When I first heard about the human microbiome, there were a lot of scientific discussions thrown around it. So naturally, I didn’t particularly care to find out what it was all about. But the more reading I did on other wellness topics, the more experts focused on what they termed the human “microbiome”. I also heard it referred to as “gut microbiota”. At this point, i realized this had become one of those buzzwords in the wellness industry. I had to find out what the excitement was all about. The reason I am blogging about this today is simple. Understanding and properly populating your microbiome seems to be a major key player, if not the most important key component in optimizing your complete wellness. So, what the heck is your microbiome and how do you get it to naturally work for you?

The human body is home to over a hundred trillion microbes like bacteria, fungi, protozoa and viruses. We are made up of more microbes than human cells. The “microbiota” refers to the micro-organisms that live within us or on us. The “microbiome” refers to the genetic products from these microbiota. The microbiota lives in different parts of the body (skin, gut, armpits, nose, etc) and each community is unique in it’s make up.

The microbiome is the collection of microbes found on and in the human body. They line our nostrils, digestive tract, they are on our skin, etc. Some of the microbes help to keep us healthy and it may be possible to transfer these good microbes (probiotics) from a donor to a patient to treat an illness.
Where do we get the microbiota from? Usually when you are born. It is important to note that babies born through vaginal birth acquire a different kind of microbiota that those born through C-section. Also note that those who are breastfed, also have a different set than those that are formula fed. Your environment and lifestyle choices, also eventually influence your microbiome. Each human’s microbiota is unique to that individual.

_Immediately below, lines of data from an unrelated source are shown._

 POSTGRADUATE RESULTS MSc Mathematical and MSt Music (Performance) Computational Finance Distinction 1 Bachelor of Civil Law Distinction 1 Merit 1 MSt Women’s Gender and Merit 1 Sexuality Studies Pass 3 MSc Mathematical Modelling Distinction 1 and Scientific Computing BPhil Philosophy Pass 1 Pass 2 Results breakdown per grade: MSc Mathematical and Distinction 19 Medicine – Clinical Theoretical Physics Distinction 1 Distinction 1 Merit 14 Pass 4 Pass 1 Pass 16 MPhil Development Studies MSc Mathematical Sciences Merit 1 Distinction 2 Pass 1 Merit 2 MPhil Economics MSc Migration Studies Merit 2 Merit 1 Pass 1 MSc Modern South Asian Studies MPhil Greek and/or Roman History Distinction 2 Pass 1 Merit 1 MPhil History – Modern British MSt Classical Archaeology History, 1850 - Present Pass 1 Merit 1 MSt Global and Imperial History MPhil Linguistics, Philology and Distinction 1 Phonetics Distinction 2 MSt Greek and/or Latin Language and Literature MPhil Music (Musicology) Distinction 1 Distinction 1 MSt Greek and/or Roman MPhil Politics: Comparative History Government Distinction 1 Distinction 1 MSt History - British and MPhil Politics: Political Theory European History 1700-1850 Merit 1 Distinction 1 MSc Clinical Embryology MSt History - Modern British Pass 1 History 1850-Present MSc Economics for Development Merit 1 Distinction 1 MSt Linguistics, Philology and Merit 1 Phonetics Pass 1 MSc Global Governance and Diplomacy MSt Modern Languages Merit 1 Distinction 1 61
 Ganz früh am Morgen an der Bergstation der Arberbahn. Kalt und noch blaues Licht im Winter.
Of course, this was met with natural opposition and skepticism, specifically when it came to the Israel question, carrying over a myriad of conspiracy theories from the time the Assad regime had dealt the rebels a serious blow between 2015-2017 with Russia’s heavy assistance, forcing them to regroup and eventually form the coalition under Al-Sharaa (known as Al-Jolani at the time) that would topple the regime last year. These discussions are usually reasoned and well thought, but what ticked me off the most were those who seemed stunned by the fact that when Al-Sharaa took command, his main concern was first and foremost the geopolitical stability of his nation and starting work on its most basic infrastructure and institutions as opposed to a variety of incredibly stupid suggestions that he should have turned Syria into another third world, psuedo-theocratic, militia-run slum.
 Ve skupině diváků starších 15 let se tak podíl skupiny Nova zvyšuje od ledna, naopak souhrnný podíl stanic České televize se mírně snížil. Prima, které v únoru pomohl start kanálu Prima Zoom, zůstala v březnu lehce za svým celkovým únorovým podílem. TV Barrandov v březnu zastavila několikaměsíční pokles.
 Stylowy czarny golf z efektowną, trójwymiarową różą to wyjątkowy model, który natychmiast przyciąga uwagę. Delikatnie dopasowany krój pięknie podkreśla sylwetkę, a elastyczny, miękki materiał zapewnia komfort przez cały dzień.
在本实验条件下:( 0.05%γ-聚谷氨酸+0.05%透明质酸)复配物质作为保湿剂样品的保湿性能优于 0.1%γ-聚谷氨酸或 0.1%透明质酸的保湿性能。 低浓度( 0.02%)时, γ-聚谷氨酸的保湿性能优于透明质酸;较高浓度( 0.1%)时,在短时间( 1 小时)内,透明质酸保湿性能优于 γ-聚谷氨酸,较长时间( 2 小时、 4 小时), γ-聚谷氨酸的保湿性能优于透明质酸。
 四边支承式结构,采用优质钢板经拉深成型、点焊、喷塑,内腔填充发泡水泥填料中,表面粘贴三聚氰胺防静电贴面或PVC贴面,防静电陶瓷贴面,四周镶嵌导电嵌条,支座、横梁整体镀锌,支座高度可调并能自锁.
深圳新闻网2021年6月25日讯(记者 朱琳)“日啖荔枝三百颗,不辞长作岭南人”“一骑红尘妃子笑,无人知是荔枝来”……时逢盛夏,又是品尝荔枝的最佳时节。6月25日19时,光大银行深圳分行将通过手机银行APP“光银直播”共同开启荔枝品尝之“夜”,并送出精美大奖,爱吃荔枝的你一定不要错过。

What do these microbiota do for us? They actually make some B vitamins (like folate) that we need. B vitamins help us to consume, digest, and metabolize more foods. Another important function of this microbiota is to produce chemicals like serotonin that encourage communication between your gut and your brain. Our microbiota also help us digest plants that otherwise would have been extremely difficult to digest and absorb. Science shows that increased diversity of your microbiota influences your weight, allergies, colds and flus, risk for cancer, etc

How can we then improve our microbiome for optimal health? What foods can we eat to properly populate our entire microbiome? One way is to get on a good daily probiotic and ensure diversification of your probiotic intake as time goes on. Probiotics are live microorganisms you get from food or pills, that function like good bacteria in the gut. You can get your probiotic from fermented foods like sauerkraut (fermented raw cabbage), pickled vegetables or fermented corn cereal (aka pap) from Africa.

Prebiotics are the foods that feed the live microorganisms that feed your good bacteria to keep a healthy balance of the microbiome. Whatever you do, always make sure you are filled with great microbiota so that your microbiome can keep you strong and healthy to be able to reduce your risk for infections and other diseases.